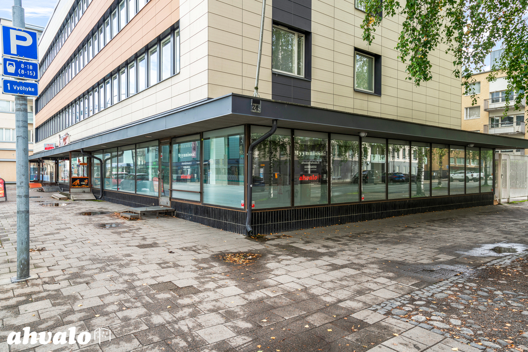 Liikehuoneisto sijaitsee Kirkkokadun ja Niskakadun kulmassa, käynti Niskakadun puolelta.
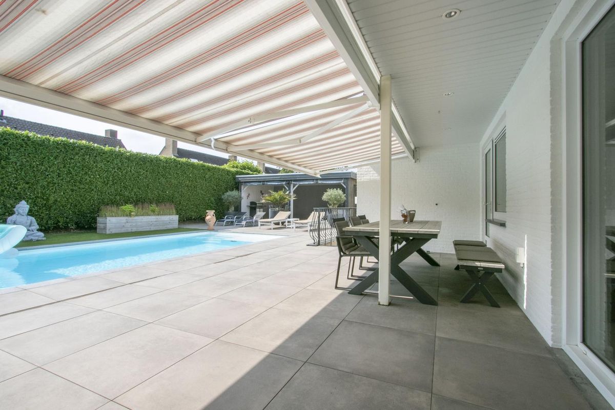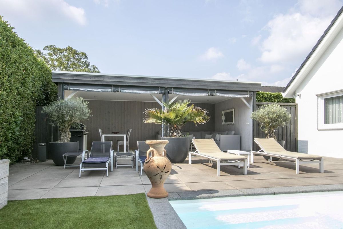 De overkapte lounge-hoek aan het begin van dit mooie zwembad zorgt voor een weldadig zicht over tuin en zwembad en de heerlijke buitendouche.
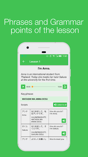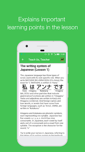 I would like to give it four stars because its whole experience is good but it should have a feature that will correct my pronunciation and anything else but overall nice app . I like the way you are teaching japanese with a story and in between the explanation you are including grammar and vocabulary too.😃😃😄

-*-

* ACTION ITEM
Restate the material word for word; no picture should appear in the copy.

* RESPONSE FOR THIS EXERCISE
 Liikehuoneisto sijaitsee Kirkkokadun ja Niskakadun kulmassa, käynti Niskakadun puolelta.
 De overkapte lounge-hoek aan het begin van dit mooie zwembad zorgt voor een weldadig zicht over tuin en zwembad en de heerlijke buitendouche.
 I would like to give it four stars because its whole experience is good but it should have a feature that will correct my pronunciation and anything else but overall nice app . I like the way you are teaching japanese with a story and in between the explanation you are including grammar and vocabulary too.😃😃😄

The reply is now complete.